_DIRECTIONS_
The full listing, exactly as written and with no images, is the expected output.

_DATA SEGMENT_
....

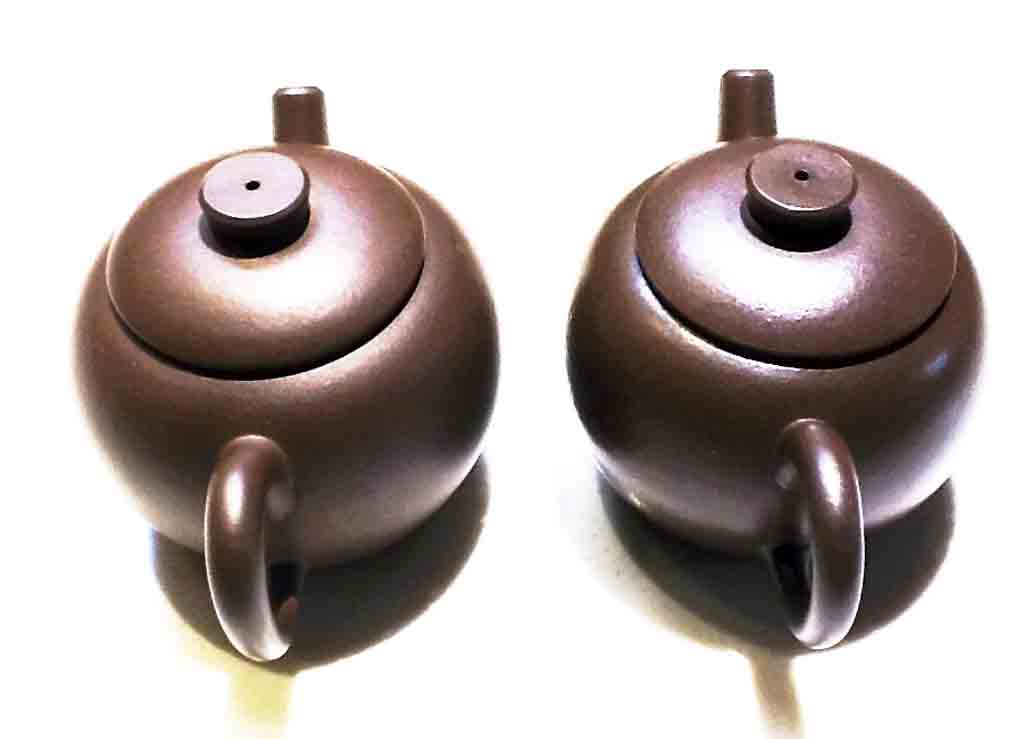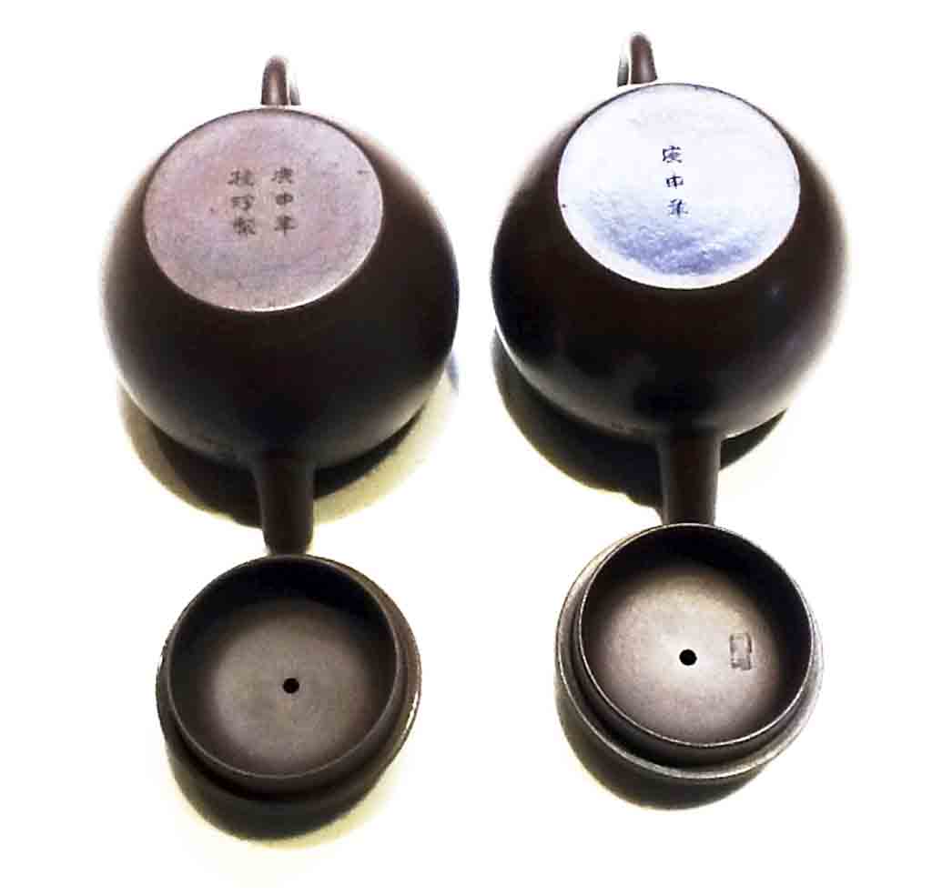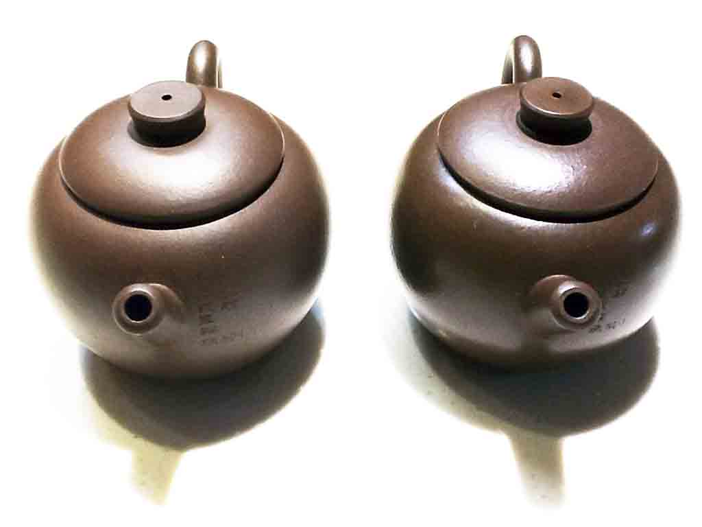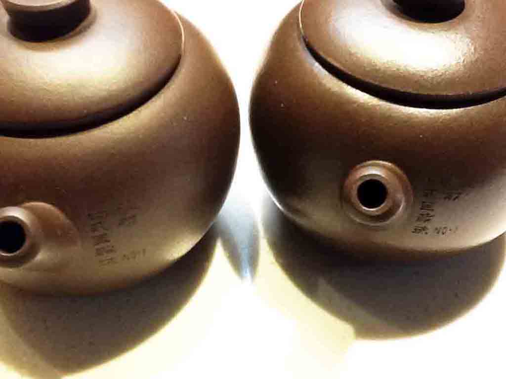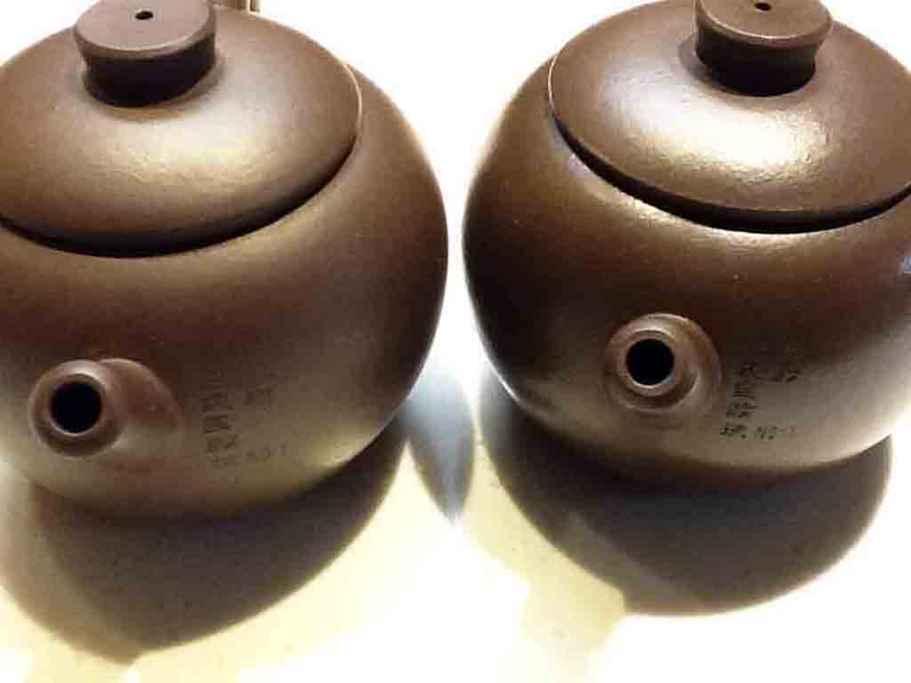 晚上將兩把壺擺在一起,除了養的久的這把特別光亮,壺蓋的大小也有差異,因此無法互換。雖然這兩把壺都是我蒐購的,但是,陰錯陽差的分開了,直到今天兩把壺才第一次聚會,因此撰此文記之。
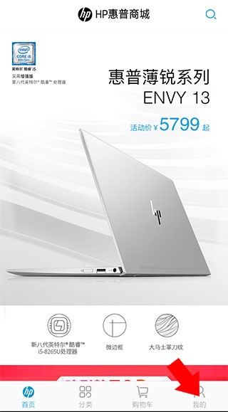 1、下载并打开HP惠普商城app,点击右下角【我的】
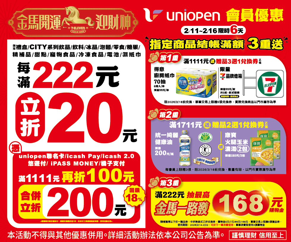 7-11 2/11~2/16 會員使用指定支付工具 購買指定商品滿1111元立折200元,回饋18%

....

_YOUR RESPONSE_
 晚上將兩把壺擺在一起,除了養的久的這把特別光亮,壺蓋的大小也有差異,因此無法互換。雖然這兩把壺都是我蒐購的,但是,陰錯陽差的分開了,直到今天兩把壺才第一次聚會,因此撰此文記之。
 1、下载并打开HP惠普商城app,点击右下角【我的】
 7-11 2/11~2/16 會員使用指定支付工具 購買指定商品滿1111元立折200元,回饋18%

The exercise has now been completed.